Council House - Design

Design

Council housing was generally typified by houses with generously sized rooms (compared to the bottom end of the private sector), particularly those built in the 1970s after the Parker Morris standards were introduced. However they also tended to be unimaginatively designed, and rigid council rules often forbade tenants "personalising" their houses. Council tenants also faced problems of mobility, finding it hard to move from one property to another as their families grew or shrank, or to seek work. Despite the building, there was a constant demand for housing, and 'waiting lists' are maintained with preference being given to those in greatest need. In Birmingham, people accepted as eligible for council housing are allocated points according to need, people then bid for properties and the property goes to the bidder with the highest number of points who wants it. People who fail to get a property can carry on bidding until they are successful. This is like a market but bidding success depends on need rather than financial resources.

The original council houses from the early 1920s were among the first houses in the country to feature electricity, running water, bathrooms, indoor toilets and front/rear gardens. Many of these houses had a "cottage" design and were built on estates imitating garden city principles, with an open spaced layout that gave a pleasant environment to residents who had previously lived in dilapidated inner city slums. These new houses had two, three, four or five bedrooms, and generous-size back gardens intended for vegetable-growing.

Flats and bungalows were first built by local councils during the interwar years, but in relatively low volumes. It was not until the 1950s that this type of property became a common sight, and until then it was rare to see blocks of flats which were more than three or four storeys high. It was also around this time that councils started building garages on new housing developments, although these were usually in separate blocks to houses.

The first tower block flats in Britain were built during the early 1950s, reaching a peak in the 1960s.
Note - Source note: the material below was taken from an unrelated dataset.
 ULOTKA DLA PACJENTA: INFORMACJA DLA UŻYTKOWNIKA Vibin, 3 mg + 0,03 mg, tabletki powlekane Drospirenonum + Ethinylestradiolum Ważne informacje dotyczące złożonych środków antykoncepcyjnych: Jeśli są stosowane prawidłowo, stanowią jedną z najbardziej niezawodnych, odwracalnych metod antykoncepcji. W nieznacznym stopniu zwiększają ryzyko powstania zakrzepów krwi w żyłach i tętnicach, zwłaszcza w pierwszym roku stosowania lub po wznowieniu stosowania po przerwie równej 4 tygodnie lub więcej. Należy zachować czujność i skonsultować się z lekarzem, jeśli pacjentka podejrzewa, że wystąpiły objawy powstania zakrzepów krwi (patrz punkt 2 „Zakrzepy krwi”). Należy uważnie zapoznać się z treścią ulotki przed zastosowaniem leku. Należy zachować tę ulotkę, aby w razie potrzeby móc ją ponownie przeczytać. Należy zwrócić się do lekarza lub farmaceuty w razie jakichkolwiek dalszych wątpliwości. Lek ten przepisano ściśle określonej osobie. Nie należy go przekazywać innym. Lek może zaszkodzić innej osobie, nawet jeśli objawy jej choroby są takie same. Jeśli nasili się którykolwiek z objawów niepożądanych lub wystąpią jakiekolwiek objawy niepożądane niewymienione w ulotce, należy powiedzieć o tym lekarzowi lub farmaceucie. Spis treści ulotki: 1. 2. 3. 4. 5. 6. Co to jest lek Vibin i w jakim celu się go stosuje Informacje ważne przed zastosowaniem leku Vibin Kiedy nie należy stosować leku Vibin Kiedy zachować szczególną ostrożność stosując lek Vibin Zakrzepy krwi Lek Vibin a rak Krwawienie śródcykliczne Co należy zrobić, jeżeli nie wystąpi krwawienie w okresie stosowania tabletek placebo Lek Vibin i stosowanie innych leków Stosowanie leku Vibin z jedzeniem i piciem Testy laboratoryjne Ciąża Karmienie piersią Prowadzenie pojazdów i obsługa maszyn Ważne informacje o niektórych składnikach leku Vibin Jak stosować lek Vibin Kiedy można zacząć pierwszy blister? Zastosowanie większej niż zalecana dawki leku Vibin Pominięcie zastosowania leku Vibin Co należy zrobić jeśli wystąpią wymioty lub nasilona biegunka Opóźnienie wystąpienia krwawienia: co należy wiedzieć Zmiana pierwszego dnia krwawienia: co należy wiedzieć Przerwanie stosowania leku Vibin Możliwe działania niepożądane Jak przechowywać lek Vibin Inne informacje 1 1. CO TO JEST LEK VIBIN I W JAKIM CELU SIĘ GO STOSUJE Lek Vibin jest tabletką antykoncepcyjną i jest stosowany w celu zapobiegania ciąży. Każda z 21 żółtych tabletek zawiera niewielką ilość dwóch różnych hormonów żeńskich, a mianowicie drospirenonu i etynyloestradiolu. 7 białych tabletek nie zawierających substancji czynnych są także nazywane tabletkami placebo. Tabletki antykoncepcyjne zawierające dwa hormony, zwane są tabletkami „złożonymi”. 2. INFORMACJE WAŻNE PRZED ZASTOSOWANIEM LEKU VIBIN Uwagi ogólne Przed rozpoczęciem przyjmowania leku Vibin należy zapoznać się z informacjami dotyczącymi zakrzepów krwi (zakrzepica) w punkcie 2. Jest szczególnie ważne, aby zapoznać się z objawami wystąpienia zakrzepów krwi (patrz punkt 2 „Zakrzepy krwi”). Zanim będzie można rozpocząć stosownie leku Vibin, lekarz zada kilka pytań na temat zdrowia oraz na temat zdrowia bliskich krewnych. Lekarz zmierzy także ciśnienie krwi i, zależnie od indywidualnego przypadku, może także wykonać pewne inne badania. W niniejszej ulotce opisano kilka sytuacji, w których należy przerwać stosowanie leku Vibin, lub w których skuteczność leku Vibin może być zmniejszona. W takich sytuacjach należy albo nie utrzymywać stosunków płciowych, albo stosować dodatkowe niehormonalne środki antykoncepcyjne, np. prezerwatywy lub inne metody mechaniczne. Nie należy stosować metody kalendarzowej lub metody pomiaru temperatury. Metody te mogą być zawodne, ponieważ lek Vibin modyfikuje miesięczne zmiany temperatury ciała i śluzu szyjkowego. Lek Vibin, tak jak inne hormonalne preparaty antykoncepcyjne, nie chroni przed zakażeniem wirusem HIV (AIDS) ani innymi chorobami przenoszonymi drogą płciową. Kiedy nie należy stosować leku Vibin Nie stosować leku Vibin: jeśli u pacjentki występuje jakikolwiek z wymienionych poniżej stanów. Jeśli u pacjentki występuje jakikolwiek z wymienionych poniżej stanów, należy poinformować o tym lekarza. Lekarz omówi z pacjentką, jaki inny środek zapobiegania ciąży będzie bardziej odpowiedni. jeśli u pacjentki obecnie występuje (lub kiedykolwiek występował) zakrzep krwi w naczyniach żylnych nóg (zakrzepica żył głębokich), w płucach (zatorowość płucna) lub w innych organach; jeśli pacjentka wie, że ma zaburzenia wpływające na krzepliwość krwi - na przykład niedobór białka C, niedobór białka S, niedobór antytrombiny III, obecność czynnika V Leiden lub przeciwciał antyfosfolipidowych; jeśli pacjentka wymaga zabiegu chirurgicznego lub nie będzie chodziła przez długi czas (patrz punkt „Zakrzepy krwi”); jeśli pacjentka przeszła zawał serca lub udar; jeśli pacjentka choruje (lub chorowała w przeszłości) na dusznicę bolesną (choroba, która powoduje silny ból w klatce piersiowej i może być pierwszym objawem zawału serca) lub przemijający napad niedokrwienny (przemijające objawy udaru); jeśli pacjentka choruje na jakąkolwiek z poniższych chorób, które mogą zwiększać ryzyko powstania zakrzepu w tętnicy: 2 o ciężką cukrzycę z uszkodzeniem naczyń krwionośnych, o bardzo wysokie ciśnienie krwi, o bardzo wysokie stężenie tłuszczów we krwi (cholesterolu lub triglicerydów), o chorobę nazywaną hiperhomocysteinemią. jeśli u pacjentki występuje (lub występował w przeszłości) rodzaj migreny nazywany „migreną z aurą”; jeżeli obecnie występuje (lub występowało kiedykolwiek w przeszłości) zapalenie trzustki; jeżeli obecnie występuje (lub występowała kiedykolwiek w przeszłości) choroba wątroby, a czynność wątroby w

But these flats quickly became unpopular due to poor insulation and structural defects, with construction of high-rise flats being effectively ended during the 1970s. Tower block clearance schemes were becoming common by the end of the 1980s, and continue more than 20 years later. The most notable regeneration programme featuring tower blocks was that of the Castle Vale estate in Birmingham. 32 of the estate's 34 tower blocks were cleared between 1995 and 2003, with the remaining two being refurbished and re-opened as "vertical warden-controlled schemes". All of the estate's 27 maisonette blocks were also cleared, as were more than 100 bungalows. The remaining low-rise stock, however, was retained. A similar regeneration had taken place around the end of the 1980s and start of the 1990s on Smethwick's Galton Village estate, known locally as the Concrete Jungle, which had been built in the late 1960s.
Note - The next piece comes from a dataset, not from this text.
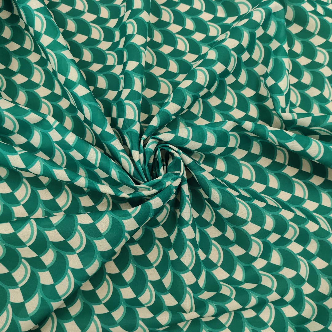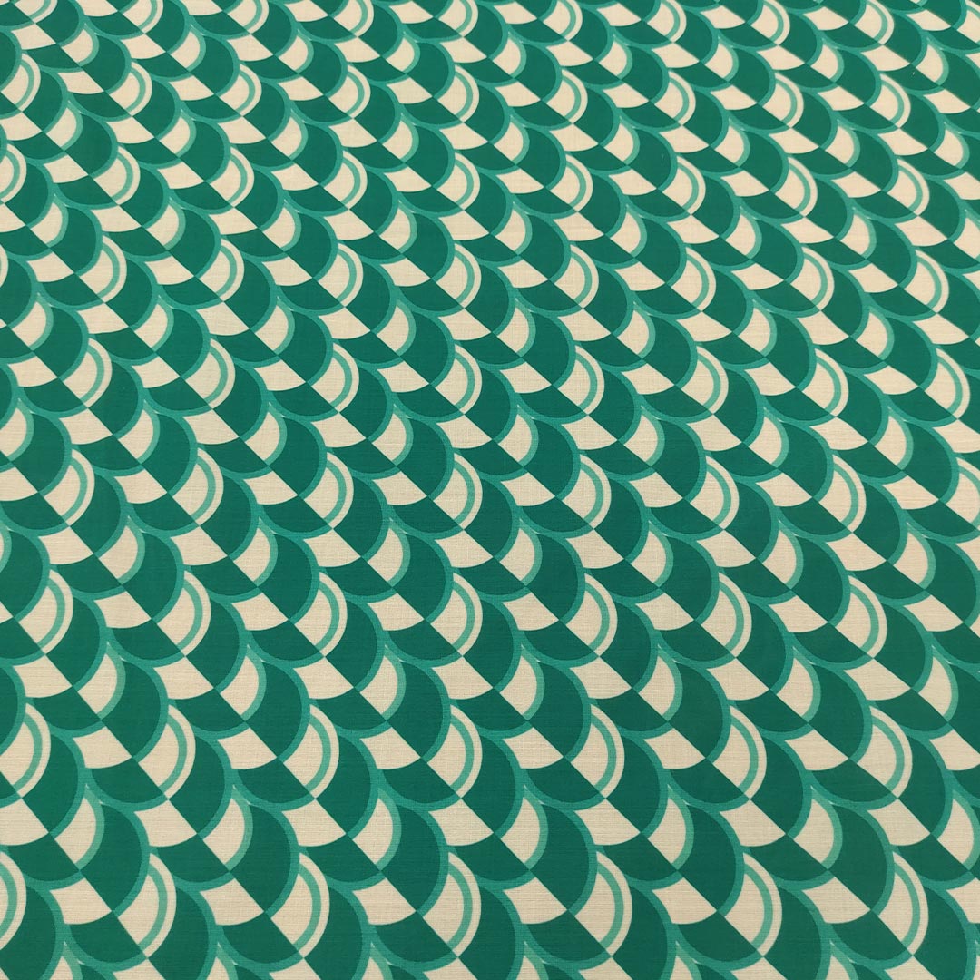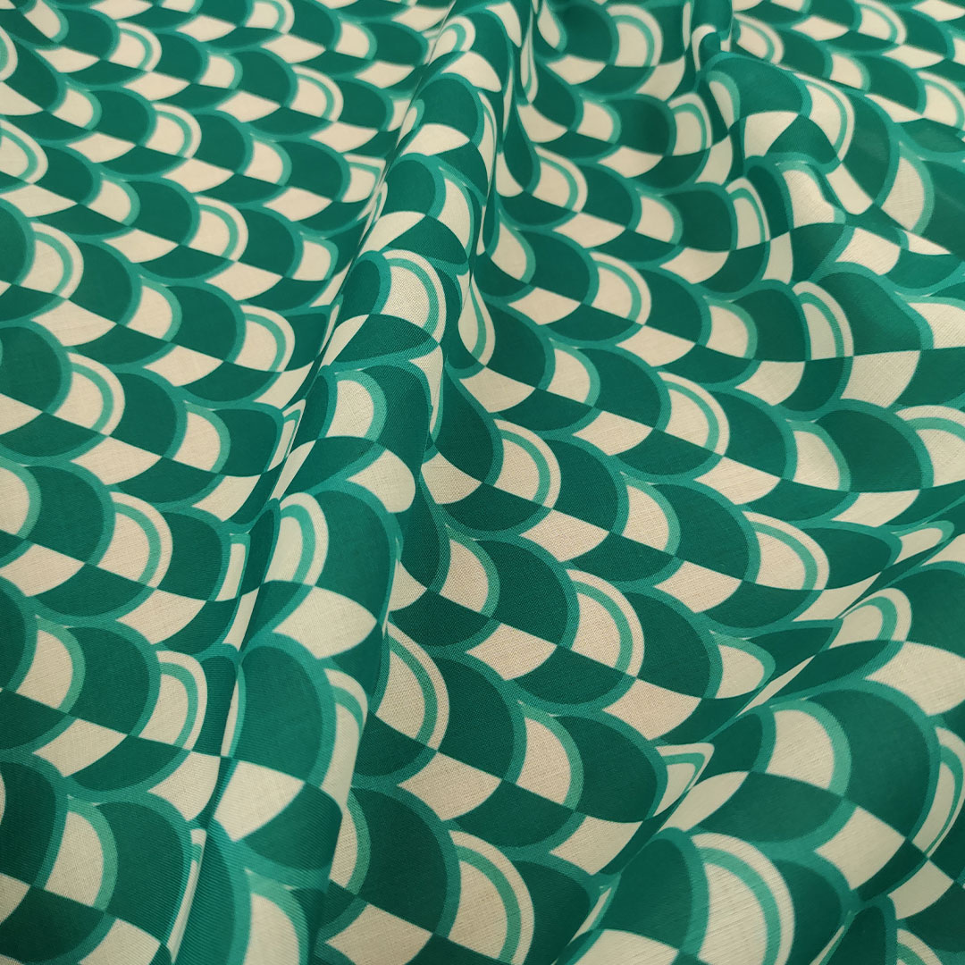 Tessuto Mussola di Cotone a fantasia motivo geometrico verde smeraldo – panna

Many of the older interwar council houses have been demolished, mostly due to subsidence or decay. Much of this regeneration has been concentrated in the West Midlands since the early 1990s. Areas that have been regenerated include Pype Hayes and Stockfield in Birmingham, parts of The Lunt estate in Bilston, the Poet's Estate at Harden in Walsall and the Harrowby Road Estate in Darlaston. Several other estates are currently earmarked for a similar regeneration in the future. These include the Goscote Estate in Walsall, parts of the Priory Estate in Dudley and parts of the Tibbington Estate in Tipton.